Awake, a voice said. She wanted to look around, to search for the voice, but the sound came from all directions at once, both far and near. Walk with me, she heard it say. She saw a light in the corner of her eye and she turned to it, but it was gone the instant she moved her head. The pale sky was turning to dried and crusted sand, thin cracks spreading like a web across it. Grains of sand fell from the cracks in the sky, and when they landed they were the size of mountains.
Walk with me, the voice said again. She looked back to where the light had flickered, but the black sun had grown huge and swollen, and all the sky was going dark. She felt the mannarim stone in her hand and clenched it tightly, and then she saw the light glowing against the shadow waxing above her. It was blue and fierce, and while it seemed no more than a pinpoint she could feel that it was strong and alive, like a bolt of lightning trapped in a marble, trembling with power and eager to burst free. Walk with me, the voice said a third time. Cara looked down from the light and saw a castle the size of a city underneath it, its battlements were gilded with gold.

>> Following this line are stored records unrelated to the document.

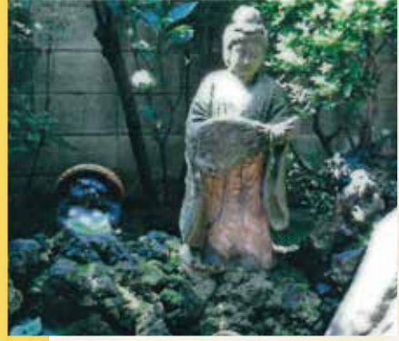
数奇な運命をたどった弁天様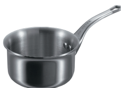
⑨ミニソースパン 3706 (蓋無)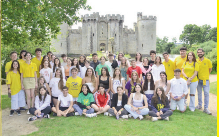
Semanalmente realizarás una visita a pie o en autobús a lugares de interés de la localidad de la estancia lingüística.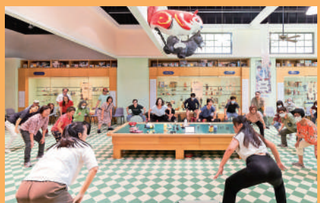
▲11月18及19日於香港文化博物館舉行「情繫香港——潮遊香港文化博物館」。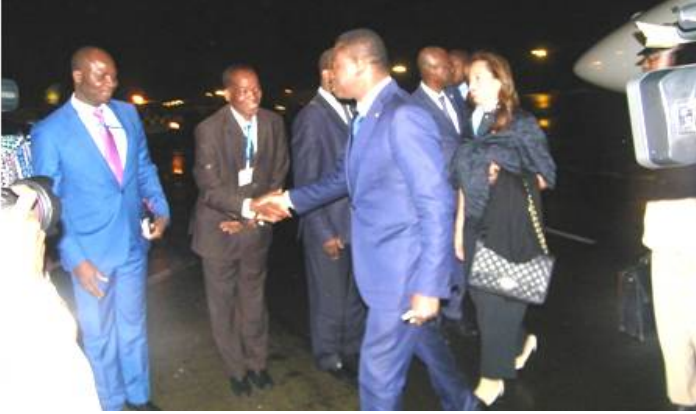
Arrivée du Chef de l'Etat à Addis Abeba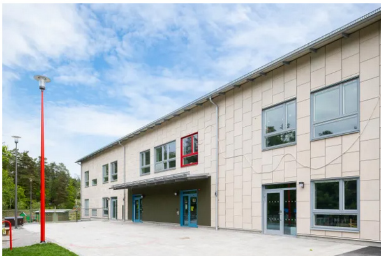
Förskolan Den röda tråden i Farsta. SISAB.

Pressmeddelande • Sep 20, 2019 13:55 CEST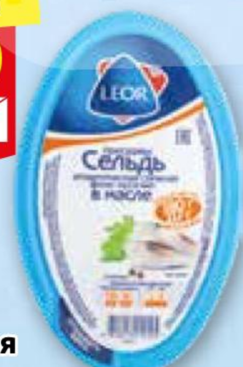
Сельдь атлантическая ЛЕОР филе-кусочки в масле, 180 г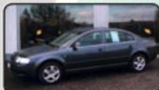
Skoda Superb 1.9 TDI Comfort EZ 08/07, 20 km, 85 kW, Klimaautom., Navig., Xenon, CD-Wechsler, el. FH, Sitzhg., Alu, Tempomat uvm. MwSt. awb. EURO 19.970,-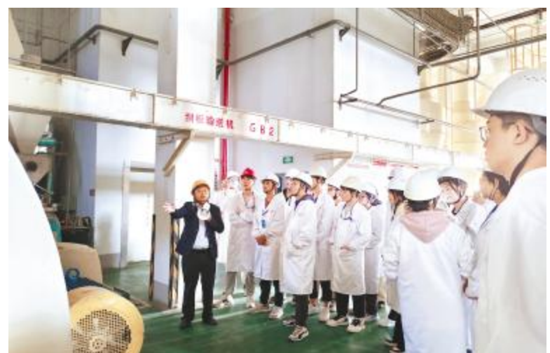
信阳农林学院学生走进生产车间参观学习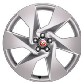
20" KOLA S 6 PAPRSKY (STYLE 6007) Standardní výbava pro I-PACE SE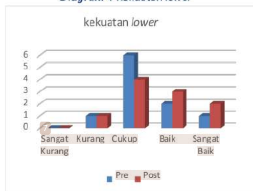
Diagram 4 Kekuatan lower

Dari hasil tersebut menandakan bahwa kekuatan lower body para atlet tarung derajat Kabupaten Kediri rata-rata memiliki kategori cukup. Artinya latihan pada bagian kekuatan lower body sudah diterapkan dengan baik, namun harus ditingkatkan menuju kategori baik maupun sangat baik agar saat pertandingan siap secara fisik. Berdasarkan hasil tes pada komponen otot kaki, dapat dilihat bahwa para atlet tarung derajat cenderung cukup baik. Akan tetapi harus ditingkatkan lagi karena batas pertandingan sewajarnya berkategori baik atau sangat baik. Hal ini memang diperuntukan agar dalam melakukan tendangan atlet akan lebih maksimal.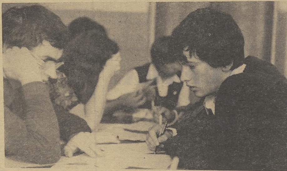
НА ЭКЗАМЕНЕ ПО МАТЕМАТИКЕ.

Будем надеяться, что все они, наши младшие, с честью оправдают звание студента Томского университета.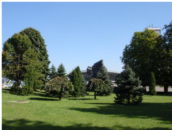
Rys. 3. Katowice, tereny dawnego parku Thiele-Wincklerów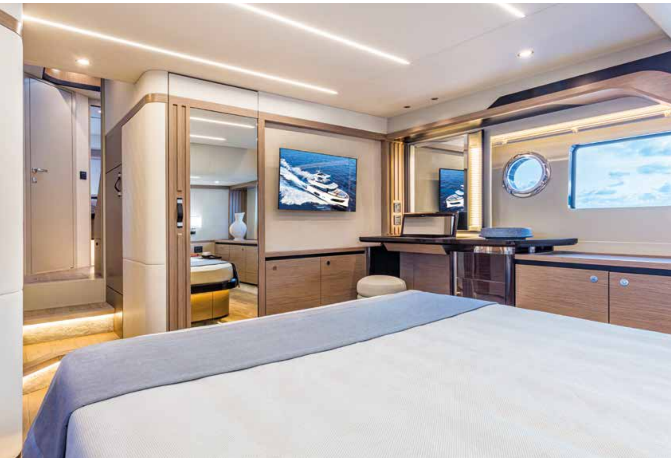
Funzionale ed estetica, la porta a specchio dell'armadio aumenta il senso dello spazio. The wardrobe mirror door enhances the sense of space in a functional and aesthetic way.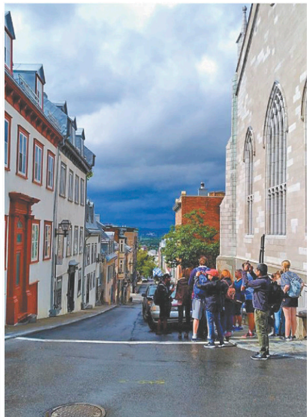
Des touristes longent la rue Dauphine et s'arrêtent au point culminant de la percée visuelle Sainte-Angèle, à Québec.

Inconsciemment, nous circulons dans les pas des premiers marcheurs. Certaines rues du Vieux-Québec, sentiers d'asphalte et de béton durcis par la modernité, suivent les mêmes tracés : la rue Dauphine en est un exemple éloquent. C'est dans cette zone que culminent certaines des percées visuelles les plus intéressantes du Vieux-Québec.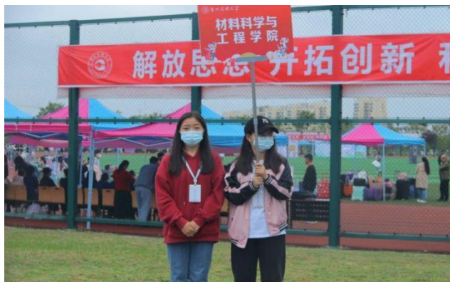
材料科学与工程学院老生举着院系牌子迎接新生入学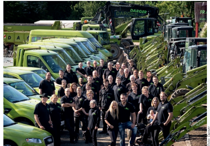
Das Team der Firma Darger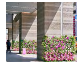
中央日土地博多駅前ビル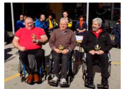
Najboljši kegljaji med veterani v sezoni 2015/2016

Turnir so poleg glavnega pokrovitelja Občine Domžale in Zveze paraplegikov Slovenije podprli še številni pokrovitelji in donatorji.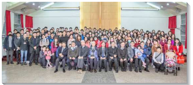
▲青職聖徒在召會生活中受成全

最後，在兩天特會下午的座談時間，特別邀請召會中的父老們，為著青職聖徒最切身的『職場』及『婚姻』給予幫助，根據聖經及生命經歷，解答聖徒們實際的問題。在職場部份，除了安排青職聖徒作見證，也有父老們話語的開啓，以及個人的經歷與見證，勉勵青職聖徒要公開承認自己是基督徒，向人傳福音，聖別有見證，不被世界得著，也不作不聚會的基督徒。在婚姻部份，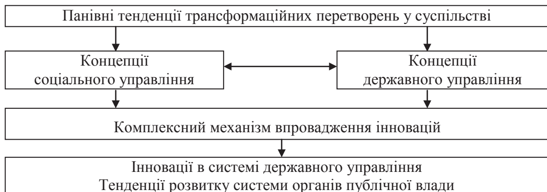
Рис. 2. Складові розвитку системи органів державного (публічного) управління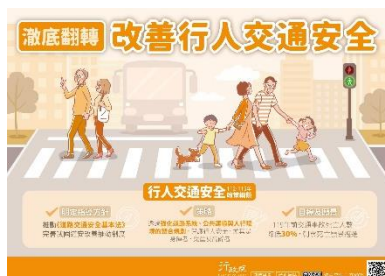
行人交通安全 政策綱領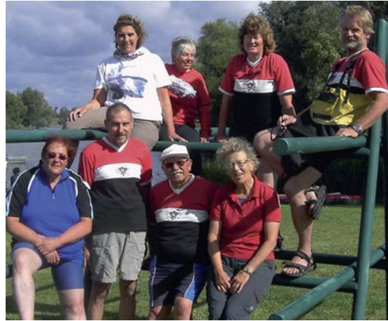
Ein Relikt aus der DDR: Ein Kanulagergestell am Zeltplatz – als Sitzgelegenheit ein wenig unbequem...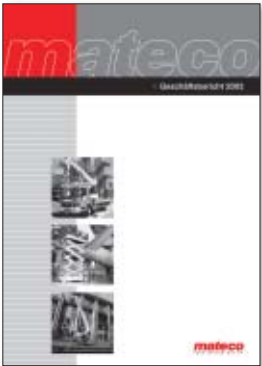
Das wichtigste Instrument der Finanzkommunikation zu unseren Kunden und Partnern ist der Geschäftsbericht.

DER ERSTE GESCHÄFTSBERICHT DER MATECO AG FÜR DAS GESCHÄFTSJAHR 2003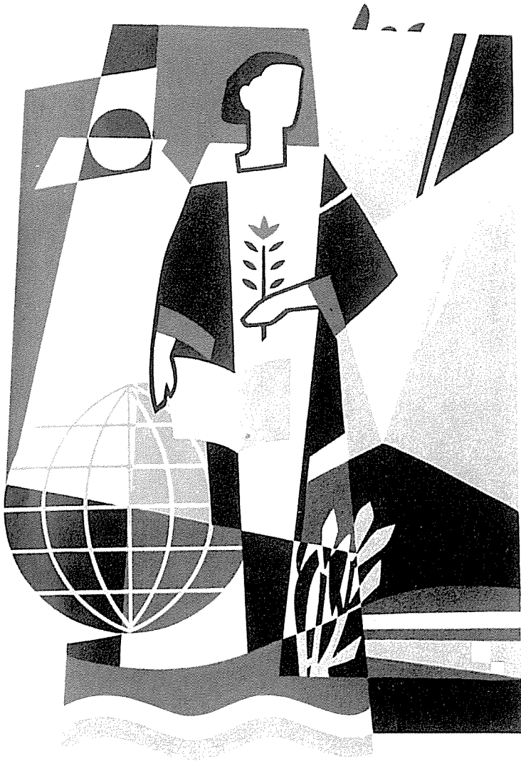
↑ Außensgraffito an der Schule Bad Steben, das Genie Humboldts darstellend, fünf- farbig, 6 m hoch.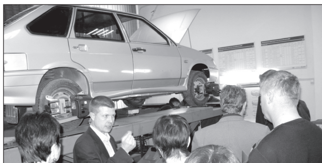
РАЗВИТИЕ СЕТЕВЫХ РЕСУРСОВ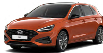
Jupiter Orange Metallic Metalická Cena: 16 900 Kč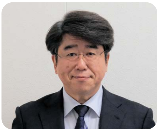
山都町副町長 さかもと ひろし 坂本 浩 (66 歳)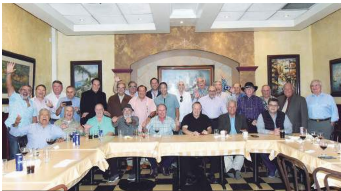
En un marco de camaradería y buen ambiente, la organización de caballeros tijuanenses, Grupo Los Compadres, tuvieron su reunión.

CON EL OBJETIVO DE PRESERVAR LA AMISTAD Y COMPARTIR UN GRAN NÚMERO DE ANÉCDOTAS FAMILIARES, LOS CABALLEROS TIJUANENSES SE REUNIERON EN EL SALÓN DEL RESTAURANT GIUSEPPIS DE BOULEVARD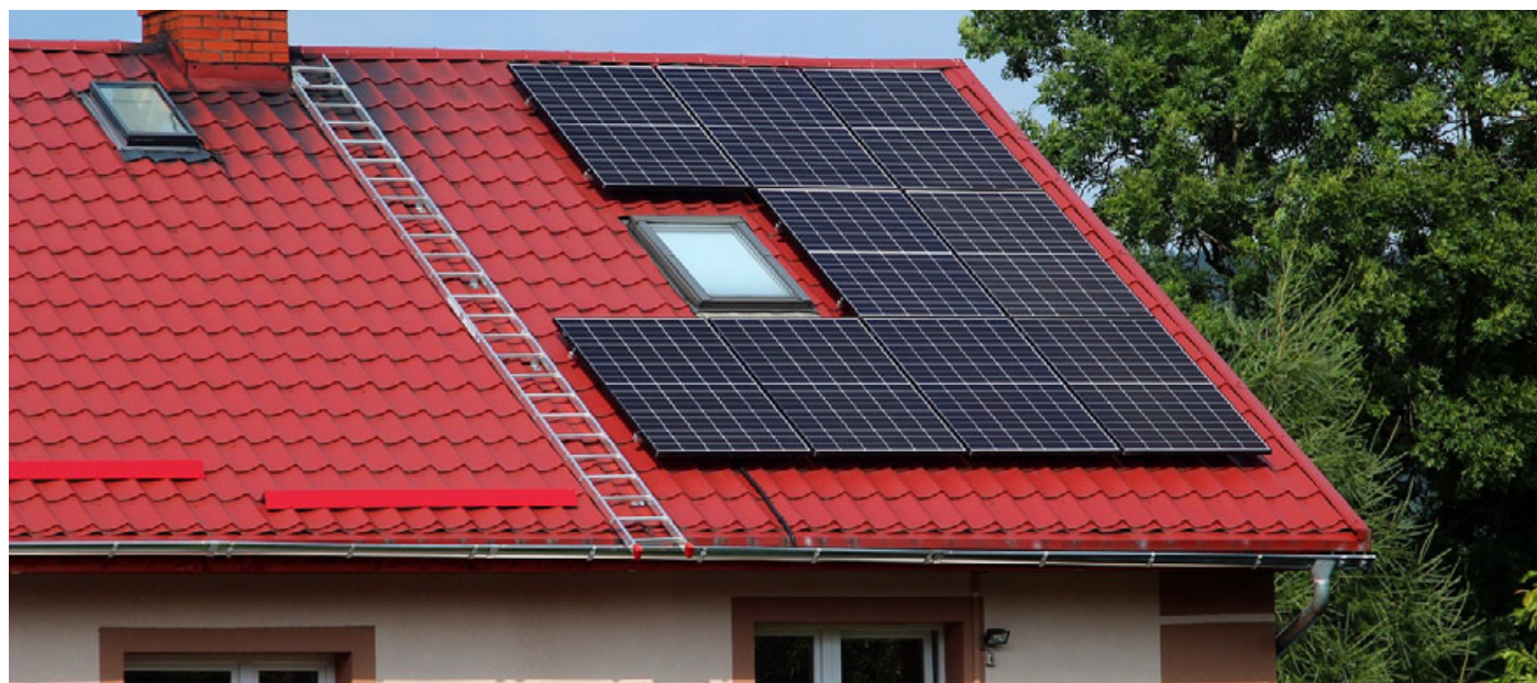
Le Cer nascono con l'idea di creare delle isole autosufficienti dal punto di vista energetico

Via al progetto “Parliamo di Cer”, due giornate di workshop per il progetto C.e.r. Chiamo Energia, che tocca e approfondisce il tema delle Comunità Energetiche in un tour informativo che tocca ben sette comuni del Gal Risorsa Lomellina. Il progetto diventa occasione di approfondimento con azioni locali che hanno previsto per Gal Risorsa Lomellina due giorni di tour, il 6 e il 7 febbraio. Un serrato giro di appuntamenti in ben sette Comuni, che si sono dimostrati interessati a portare avanti il progetto iniziale, lanciato a luglio dello scorso anno, che ha visto un importante convegno il 15 dicembre in Regione Lombardia, patrocinato dalla Commissione Europea. I comuni interessati sono Mede, Cilavegna, Nicorvo, Valle Lomellina, Breme, Suardi, Torre Beretti e Castellaro. «Siamo molto ottimisti – ha detto il presidente del Gal Risorsa Lomellina Stefano Leva – sullo sviluppo concreto di questo progetto, il progetto Cer è rilevante in quanto può avere ricadute a livello sociale, economico, ambientale e può essere uno strumento per il con-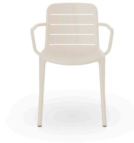
Fauteuil Gina Ivoire 07144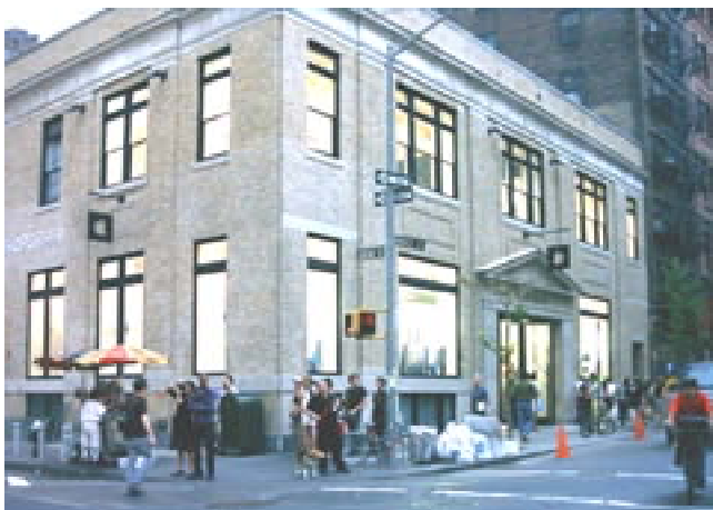
Der Apple Store in Soho, New York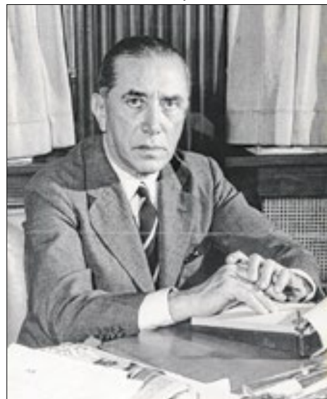
Júlio de Mesquita Filho, jornalista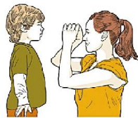
Не улыбается в ответ на улыбку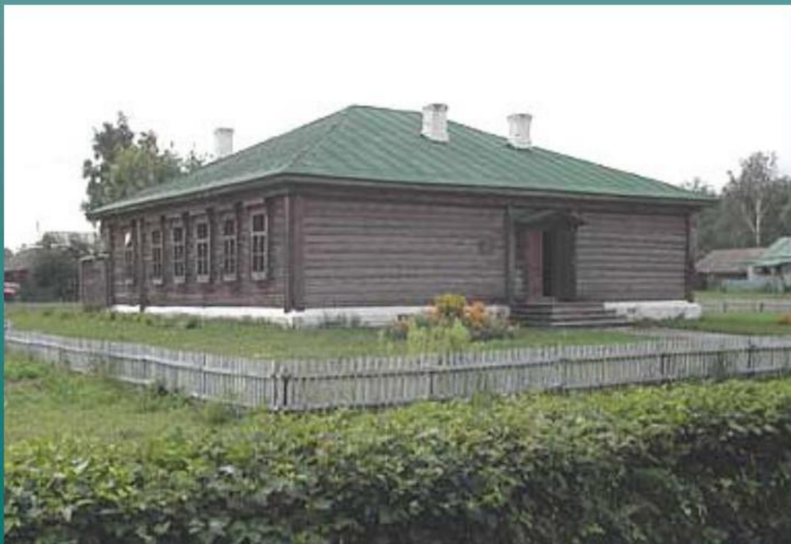
Школа, в которой учился Есенин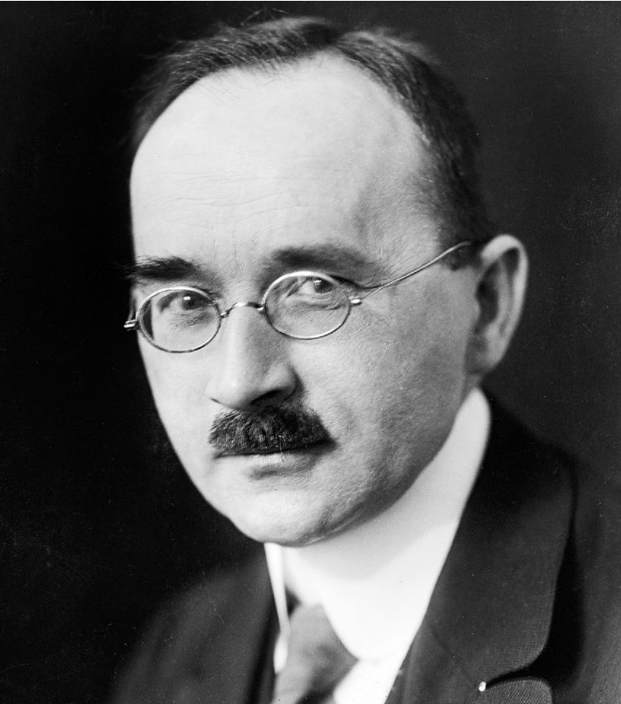
Abb.: ausserord. Prof. Dr.-Ing. Israel. In: SLUB Dresden / Deutsche Fotothek / Ursula Richter (um 1930)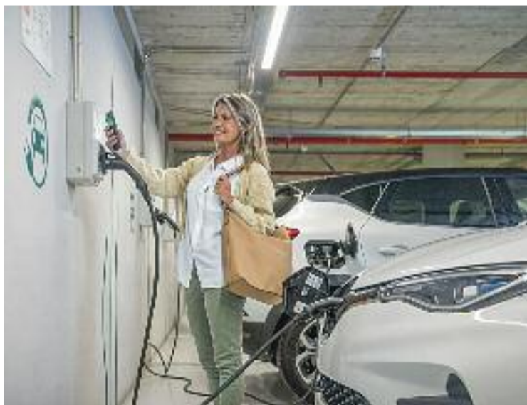
Un punt de recàrrega de cotxes elèctrics.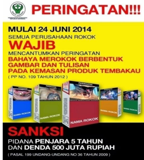
Gambar 1.6 Contoh Iklan Produk Rokok di Media Sosial & Televisi

Dalam iklan di atas menggambarkan bahwa pemerintah mewajibkan kepada semua perusahaan rokok untuk mencantumkan peringatan “ Bahaya Merokok Berbentuk gambar dan tulisan Pada Kemasan Produk Tembakau (PP No. 109 Th 2012) ” dan apabila ada instansi yang melanggar maka akan ada sanksi Pidana penjara 5 tahun dan denda sebesar Rp. 500.000.000 ( Pasal 199 UU No 36 th 2009 ). Disitu tersirat sebuah pesan pada para konsumen supaya hati-hati dalam mengkonsumsi produk tersebut.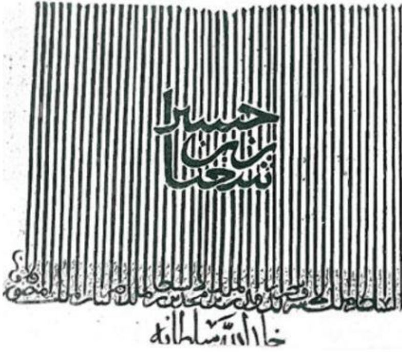
Memlük Sultanı el-Melikü'l-Eşref Şaban'ın Tuğrası[14]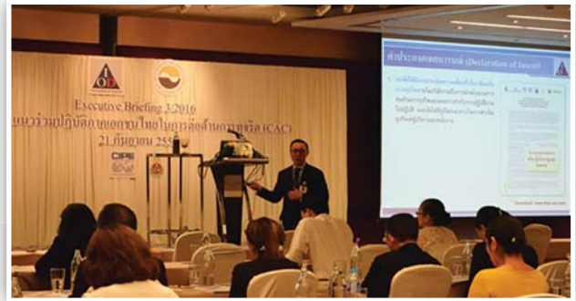
จัดงาน Executive Briefing 3/2016 : โครงการ CAC เมื่อวันที่ 21 กันยายน 2559 ณ โรงแรมเซ็นทารา แกรนด์ แอท เซ็นทรัลเวิลด์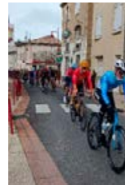
La course à travers le village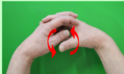
お互いに当たらないように親指を回します。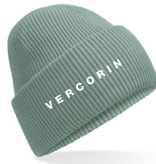
12C • ICEBERG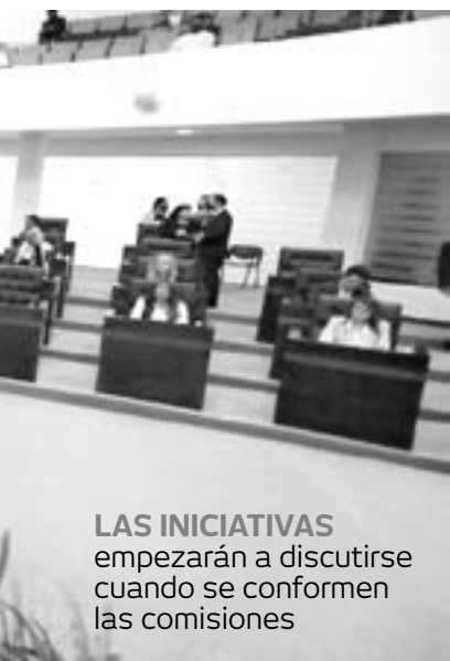
LAS INICIATIVAS empezarán a discutirse cuando se conformen las comisiones

Castle Gwynd? she thought, recalling Hale's stories of Eruhal’s capital. She looked up at the blue light. You want me to go to Eruhal? She asked with her mind. Tread softly, the voice replied. What will I find there? she asked in thought, Am I not safe here in Thrond? There was no reply. Someone whistled behind her and she whirled about. It was the little drow boy in his yellow vest and green trunk hose. He smiled, and she started to go to him. His arms were behind his back, and when she got near he brought them in front. In one hand was a writhing cluster of worms with horned jaws, and in the other was a dagger, a viscous pus was dripping from its edge.
Cara woke with a start. Her flesh felt cold and damp under her furs. A thin beam of moonlight had once again found its way through the window, piercing through the darkness like a spear. She wiped the sweat off her forehead with the back of her hand, pulling a clump of matted red curls out of her eyes. She was tempted to throw on a gown and sit by the fire, or go into the citadel where there were thousands of dwarves awake and milling about. It would have meant waking her sister, as their legs and feet had become entangled as they sept. Gislain was a monster when woken prematurely. Cara decided to remain in bed and let Kylie’s rhythmic snoring serenade her back to sleep. Walk with me, she thought. Walk with who? She felt instantly foolish, and tried to stifle the nervous twinge that had pitched its tent within her stomach. It meant nothing, she told herself. She closed her eyes and lost herself in memories of home, galloping her silver across Cavanal Hill, when the day time sky was only blue, white and gold, and all her dreams were sweet.